🐵

AWS CloudFormation 入門

2022/09/12に公開約3,000字

CloudFormationとは

CloudFormationとはIaC(Infrastructure as Code)サービスの一つです。
AWSの構成をコードで管理して、CloudFormationに読み込ませることで、複数の環境に同様のインフラを高速かつ正確に展開できます。

CloudFormationの基本的な利用の流れ

図1

参照元:AWS CloudFormation の仕組み

1. CloudFormationのテンプレートを作成する。

テンプレートの実態はただのyaml形式のファイルです。
AWSリソースを定義したYAMLファイルをテンプレートと言います。

下記はS3バケットを作成するテンプレートの例です。

sample-template.yaml
AWSTemplateFormatVersion: 2010-09-09
Resources: 
  s3Bucket:
    Type: AWS::S3::Bucket
    Properties: 
      BucketName: zenn-kokorozashi-bucket

具体的な構文の説明は後ほどします。
また図1の②はただ「ファイルをローカル or S3に保存してね」というだけなので説明を割愛します。

2. CloudFormationのスタックを作成する。

先ほど作成したテンプレートファイルを用いて、スタックを作成します。
スタックとはAWSリソースを管理するユニットのようなものです。
「AWSリソースを管理する」だけだとわかりずらいので、もう少し説明します。

例えば、2つのS3バケットを定義した1つのテンプレートからは、2つのS3バケットを管理する1つのスタックが作成されます。
スタックを更新すると2つのS3バケットも更新されます。
スタックを削除すると2つのS3バケットも削除されます。

このようにスタックが各リソースに自動で設定を反映させることを、AWSリソースを管理すると言います。
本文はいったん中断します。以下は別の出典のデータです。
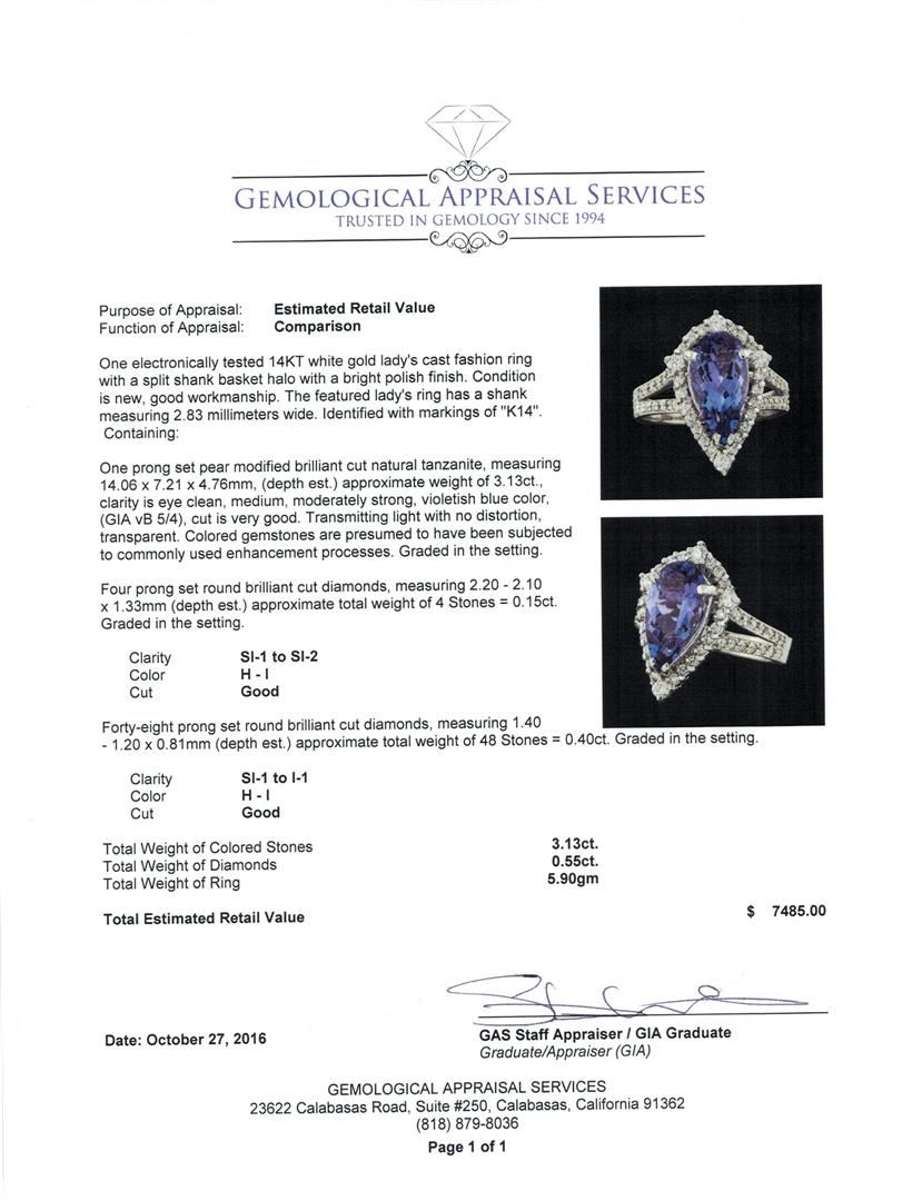 One electronically tested 14KT white gold lady's cast fashion ring with a split shank basket halo with a bright polish finish. The featured lady's ring has a shank measuring 2.83 millimeters wide. Identified with markings of 'K14'. Condition is new, good workmanship. Containing: One prong set pear modified brilliant cut natural tanzanite, measuring 14.06 x 7.21 x 4.76mm, (depth est.) approximate weight of 3.13ct., clarity is eye clean, medium, moderately strong, violetish blue color, (GIA vB 5/4), cut is very good. Transmitting light with no distortion, transparent. Colored gemstones are presumed to have been subjected to commonly used enhancement processes. Graded in the setting. Four prong set round brilliant cut diamonds, measuring 2.20 - 2.10 x 1.33mm (depth est.) approximate total weight of 4 Stones = 0.15ct. Graded in the setting. Clarity SI-1 to SI-2. Color: H - I Cut Good Forty-Eight prong set round brilliant cut diamonds, measuring 1.40 - 1.20 x 0.81mm (depth est.) approximate total weight of 48 Stones = 0.40ct. Graded in the setting. Clarity SI-1 to I-1. Color: H - I Cut Good. Total Weight of Colored Stones 3.13ct.. Total Weight of Diamonds 0.55ct.. Total Weight of Ring 5.90gm. GAS Appraised at $7,485.00.

後のチュートリアルでは、AWS CLIを用いてスタックの作成を行います。

チュートリアル

このチュートリアルでは実際にS3バケットをCloudFormationで作成していきます。

前提条件

  • MacOS Monterey@12.4
  • aws cli@2.7.2
  • awsのプロファイルが設定済み → 設定方法

1.テンプレート内でS3バケットを定義する。

template.yaml
AWSTemplateFormatVersion: 2010-09-09
Resources: 
  s3Bucket:
    Type: AWS::S3::Bucket
    Properties: 
      BucketName: sample-bucket #バケット名

構文解説

第一階層では以下のプロパティを指定できます。

  • AWSTemplateFormatVersion
  • Description
  • Metadata
  • Parameters
  • Mappings
  • Conditions
  • Resources
  • Outputs

この中で必須プロパティは「AWSTemplateFormatVersion」と「Resources」です。
今回は入門なので必須プロパティのみで作成します。
Resourcesセクションでは具体的なAWSリソースの定義を行います。

Resourcesセクションの第二階層では、テンプレート内でのAWSリソースの任意の名前を設定します。
例ではs3Bucketとなっていますが、sampleBucketに変えてもテンプレート内の変数なので実際に作成されるS3バケットには何も影響はありません。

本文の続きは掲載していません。